Here, I have 2 types of cards. Card 1
would prompt with the meaning of the word,
and I will need to be able to remember how to write the hangul of the word. Card 2
is the opposite; it would prompt with the hangul word, and I will need to
recall the meaning. The reason for this is that I realized that my memory is not
always bi-directional. I might remember how to write a word when given its
meaning, but somehow when being shown the actual word in hangul form, I might
forget what it means. Card 2
prevents this scenario by ensuring that my memory
would work in both directions. This has a downside of doubling my deck size :(
The next step has us trying to populate the list anki_notes
with anki_note
objects with fields populated from the TSV file. I use a “\t” delimiter because
I use a tab delimited file. If you use a CSV, it would be a “,” delimiter.
# The list of flashcards
anki_notes = []
with open(data_filename, "r") as csv_file:
csv_reader = csv.reader(csv_file, delimiter="\t")
for row in csv_reader:
anki_note = genanki.Note(
model=anki_model,
# hangul, meaning, type
fields=[row[0], row[1], row[2]],
)
anki_notes.append(anki_note)
Shuffling the cards would help with not having similar cards being too close to each other.
# Shuffle flashcards
random.shuffle(anki_notes)
We will now create the deck and populate it with the anki_note
objects that we
placed in anki_notes
(the naming convention is not the best).
# create anki deck
anki_deck = genanki.Deck(model_id, anki_deck_title)
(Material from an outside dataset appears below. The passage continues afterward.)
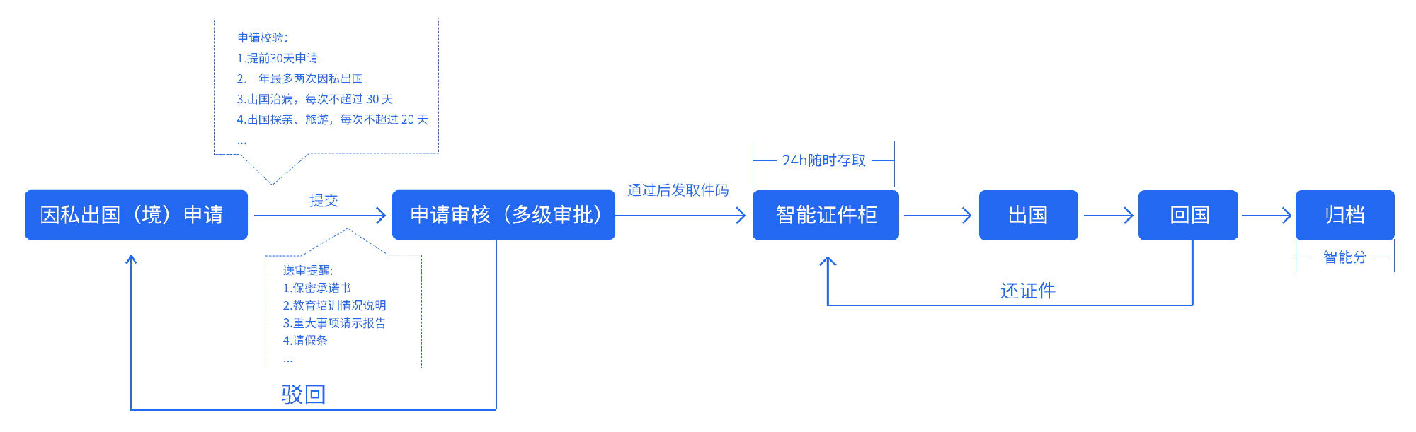 3、监督管理不便。申请材料注意事项多,人工审核易疏忽;干部人员数量多,出国(境)次数超标、未按时返回等情况难及时监督预警;证件资料多,借出返还、证件到期更换等工作,无法及时进行管理。
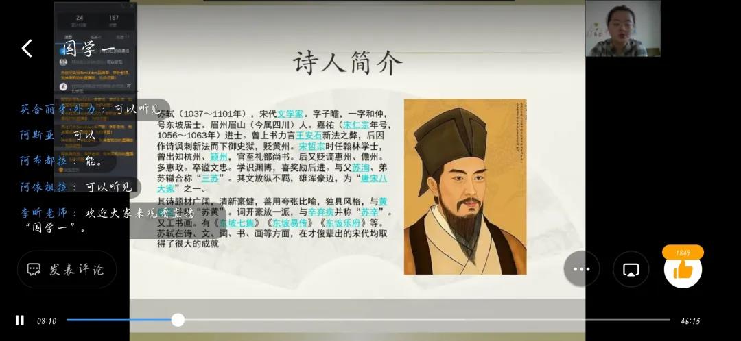在国学课堂上,李昕通过用“发愤识遍天下字,立志读表遍天下书”的课前小故事,引出此次国学课堂的主讲人物—苏轼。随后,李昕从其生平、文学作品及其风格等多方面为大家详细介绍了苏轼。李昕朗读《念奴娇•赤壁怀古》和《蝶恋花•春景》,让同学们体会到了同一诗人的豪放与婉约不同风格特色。接着便对《惠崇春江晚景》从注释、翻译等多方面为同学们做了诗歌鉴赏,在此过程中教授同学们赏析诗歌的方法。最后,通过视频进一步了解了苏轼起起伏伏的一生,加深了同学们印象。

# Add flashcards to the deck
for anki_note in anki_notes:
anki_deck.add_note(anki_note)
Finally, create a package from the deck and save it.
# create package object
anki_package = genanki.Package(anki_deck)
# Save the deck to a file
anki_package.write_to_file(deck_filename)
# output line for status
print("Created deck with {} flashcards".format(len(anki_deck.notes)))
You should now have a .apkg
file in the working directory. Import this file into
Anki and start studying!
Disclaimer: I did not write most of the code in this post. Credits go to Charly Lersteau for his post on how he used Genanki to generate Anki decks for learning Mandarin. I merely co-opted the codes for use with learning Korean.